Deskripsi statistik data
library(psych)
describe(bank)
## vars n mean sd median trimmed mad
## ID 1 5000 2500.50 1443.52 2500.5 2500.50 1853.25
## Age 2 5000 45.34 11.46 45.0 45.38 14.83
## Experience 3 5000 20.10 11.47 20.0 20.13 14.83
## Income 4 5000 73.77 46.03 64.0 68.83 43.00
## ZIP.Code 5 5000 93152.50 2121.85 93437.0 93236.13 1968.89
## Family 6 5000 2.40 1.15 2.0 2.37 1.48
## CCAvg 7 5000 1.94 1.75 1.5 1.65 1.33
## Education 8 5000 1.88 0.84 2.0 1.85 1.48
## Mortgage 9 5000 56.50 101.71 0.0 32.98 0.00
## Personal.Loan 10 5000 0.10 0.29 0.0 0.00 0.00
## Securities.Account 11 5000 0.10 0.31 0.0 0.01 0.00
## CD.Account 12 5000 0.06 0.24 0.0 0.00 0.00
## Online 13 5000 0.60 0.49 1.0 0.62 0.00
## CreditCard 14 5000 0.29 0.46 0.0 0.24 0.00
## min max range skew kurtosis se
## ID 1 5000 4999 0.00 -1.20 20.41
## Age 23 67 44 -0.03 -1.15 0.16
## Experience -3 43 46 -0.03 -1.12 0.16
## Income 8 224 216 0.84 -0.05 0.65
## ZIP.Code 9307 96651 87344 -12.49 485.52 30.01
## Family 1 4 3 0.16 -1.40 0.02
## CCAvg 0 10 10 1.60 2.64 0.02
## Education 1 3 2 0.23 -1.55 0.01
## Mortgage 0 635 635 2.10 4.75 1.44
## Personal.Loan 0 1 1 2.74 5.52 0.00
## Securities.Account 0 1 1 2.59 4.69 0.00
## CD.Account 0 1 1 3.69 11.61 0.00
## Online 0 1 1 -0.39 -1.84 0.01
## CreditCard 0 1 1 0.90 -1.18 0.01
Analisis data tak bernilai
library(Amelia)
## Loading required package: Rcpp
## Warning: package 'Rcpp' was built under R version 3.5.3
## ##
## ## Amelia II: Multiple Imputation
## ## (Version 1.7.5, built: 2018-05-07)
## ## Copyright (C) 2005-2020 James Honaker, Gary King and Matthew Blackwell
## ## Refer to http://gking.harvard.edu/amelia/ for more information
## ##
missmap(bank, main="Missings Map", col=c("yellow", "black"), legend=FALSE)
#Data tidak mengandung NA
Merapikan data untuk persiapan pembuatan data training dan testing
bank=bank[,-c(1,5)]
bank$CreditCard <- as.factor(bank$CreditCard)
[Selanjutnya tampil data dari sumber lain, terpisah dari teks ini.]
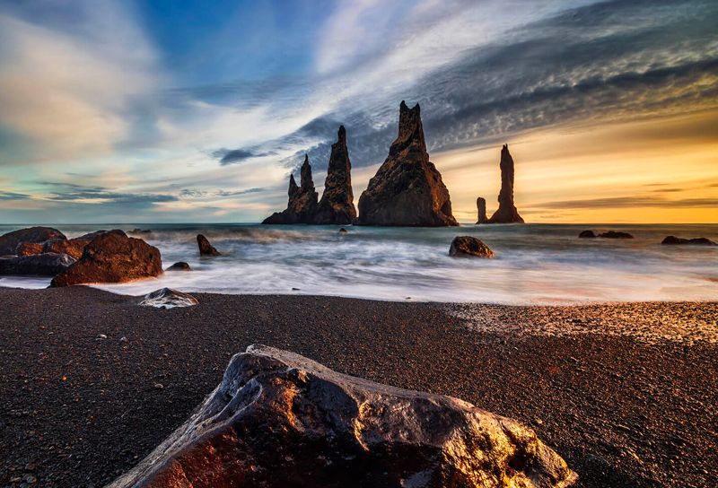 У нас будет очень насыщенная программа на земле гейзеров, водопадов, вулканов, ледников и айсбергов. Мы прогуляемся по черному пляжу, где высадился Флоки, из сериала Викинги, вместе с Джоном Сноу откроем земли одичавших за Стеной и побываем на съемочной площадке Интерстеллара в ледниковой пещере. Наш путь пройдет по южному побережью острова – от Рейкьявика и до горы Вестрахорн. А передвигаться мы будем на новых полноприводных электрокарах Tesla и Polestar (Volvo). Большой запас хода и развитая сеть зарядных станций не позволят нам застрять среди исландской черной пустыни.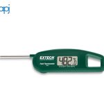 The ExtechTM55 is a Pocket Fold-Up Food Thermometer. This compact stem thermometer with a 61 mm (2.4 in) stainless steel probe is NSF certified for measuring liquids, pastes, and semi-solid food. Measures -40°C to 250°C (-40°F to 482°F) with ± 0.5°C (1°F) accuracy. Complete with a built-in magnetized strip that can attach to refrigerators and a CR2032 battery.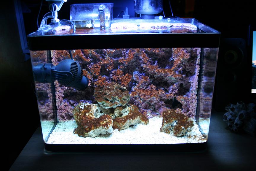 Akvariet er lavet af Jens-Jørgen og er på ca. 35 liter. Det er mit første saltvandsakvarie, har dog haft ferskvand i over ti år. Jeg har det sidste år læst diverse opstarts og begynder artikler om saltvand på nettet, samt læst bogen Reef Secrets.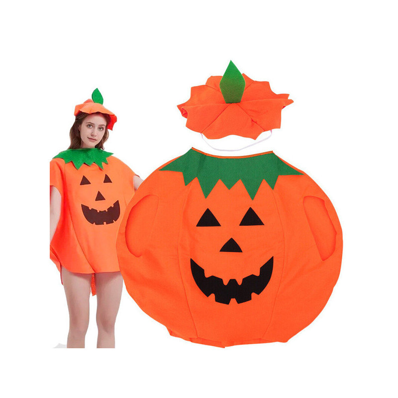Tök jelmez álca Halloween-ra - gyerek és felnőtt méretben, aranyos narancssárga tök designnal, kiegészítőkkel.
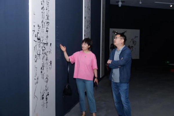 顾邨言认为,“生长”是理解本次展览的关键。石虎先生是一位非常率真而真诚的艺术家,正如他2013年展览所体现的那种摒弃繁文缛节的纯粹态度。本次展览切入了其创作的另一种状态——石虎从绘画技法进入对书法的探索,他既是不断叛逆自我的先锋,也是中国文化的捍卫者。展厅中,传统手稿与墙上极具当代性的书法作品并置,正体现了这种“生长”:它不是僵化的结果,而是一个流动、不断生成的过程。“石虎书”带来一种再生感,让观众感受到他悬腕挥毫的率性,这正是文脉的积蓄以及持续的生长性!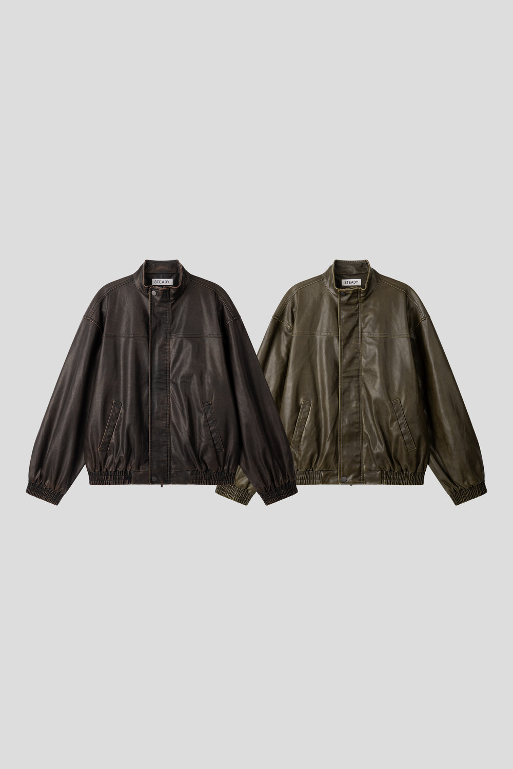 절개 워싱 레더자켓 (2color)

Under=ifelse(bank$Education==1,1,0)
Grad=ifelse(bank$Education== 2,1,0)
bank=cbind(bank,Under,Grad)
bank_2=bank[,-6]
bank_2[-11] <- scale(bank_2[-11])
Membuat data traing dan testing
library(caTools)
set.seed(1111)
spl_1 = sample.split(bank_2$CreditCard, SplitRatio=0.7)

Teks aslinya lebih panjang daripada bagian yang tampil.